Exercise brief -
An exact copy of every entry is needed here; the images stay out.

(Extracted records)
* * * * * * *

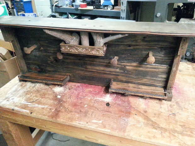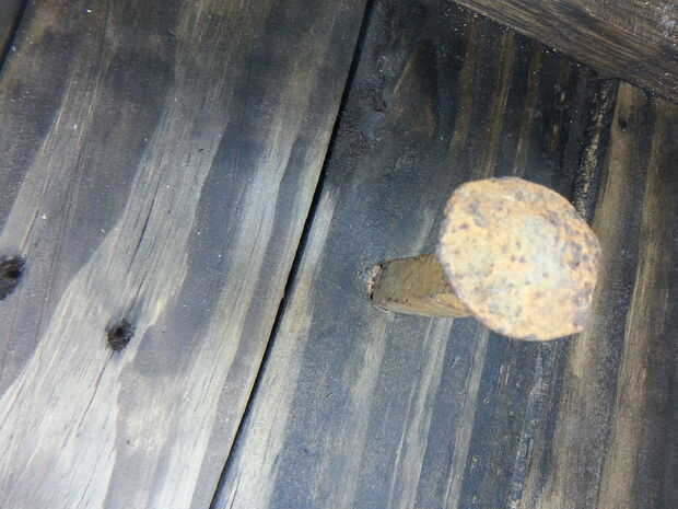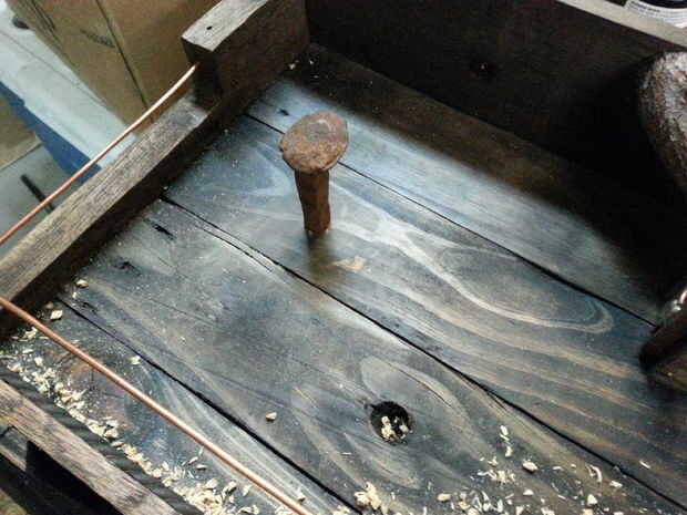 Una vez que las clavijas de su ferrocarril, pruebe la colocación de las clavijas con una botella para ver donde tienes que colocar las puntas. Para mi diseño, el centro de la espiga más larga era 5" desde el tablero superior y 4,25" del tablero de lado, y la espiga más corta era 6,75" desde el tablero superior y 11" de la placa lateral.
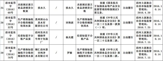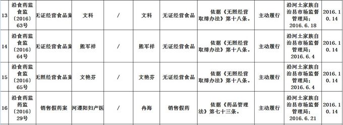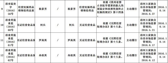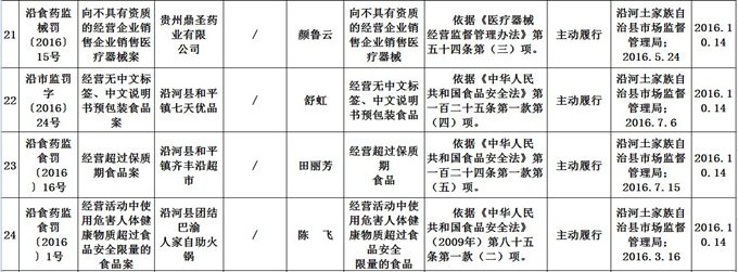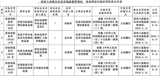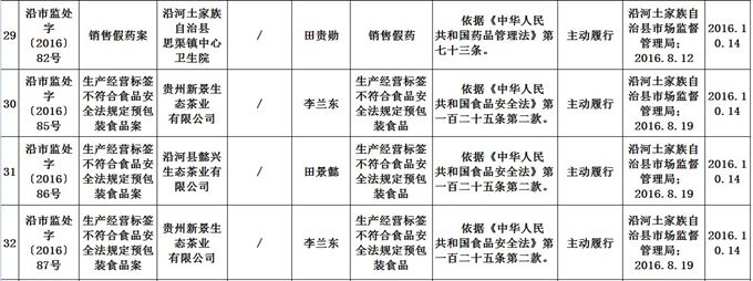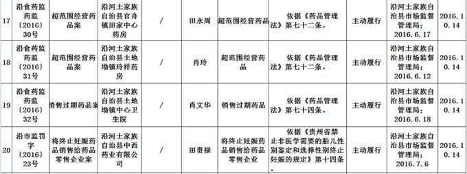 沿河土家族自治县市场监督管理局 食品药品行政处罚信息公开表
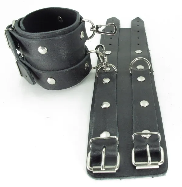 —Оковы из кожи черные с двумя пряжками 56007ars
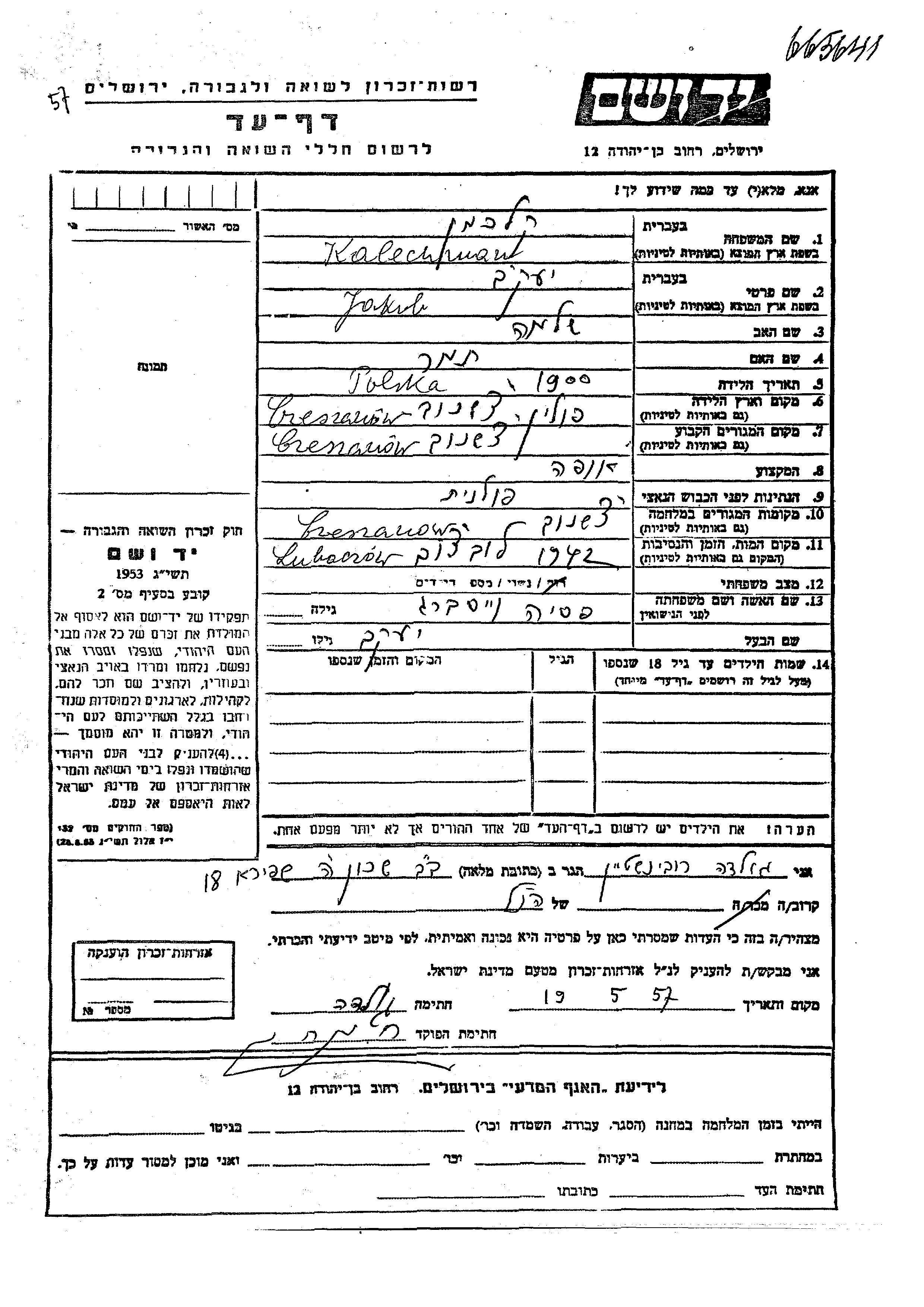 Yad Vashem - Pages of Testimony Names Memorial Collection
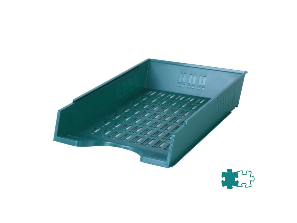 Plastový odkladač na papiere formátu A4 s možnosťou stohovania dozadu. Úprava nepriehľadná. Väčšie balenie 10 ks.Farba: zelená

* * * * * * *

Solution -
 Una vez que las clavijas de su ferrocarril, pruebe la colocación de las clavijas con una botella para ver donde tienes que colocar las puntas. Para mi diseño, el centro de la espiga más larga era 5" desde el tablero superior y 4,25" del tablero de lado, y la espiga más corta era 6,75" desde el tablero superior y 11" de la placa lateral.
 沿河土家族自治县市场监督管理局 食品药品行政处罚信息公开表
 —Оковы из кожи черные с двумя пряжками 56007ars
 Yad Vashem - Pages of Testimony Names Memorial Collection
 Plastový odkladač na papiere formátu A4 s možnosťou stohovania dozadu. Úprava nepriehľadná. Väčšie balenie 10 ks.Farba: zelená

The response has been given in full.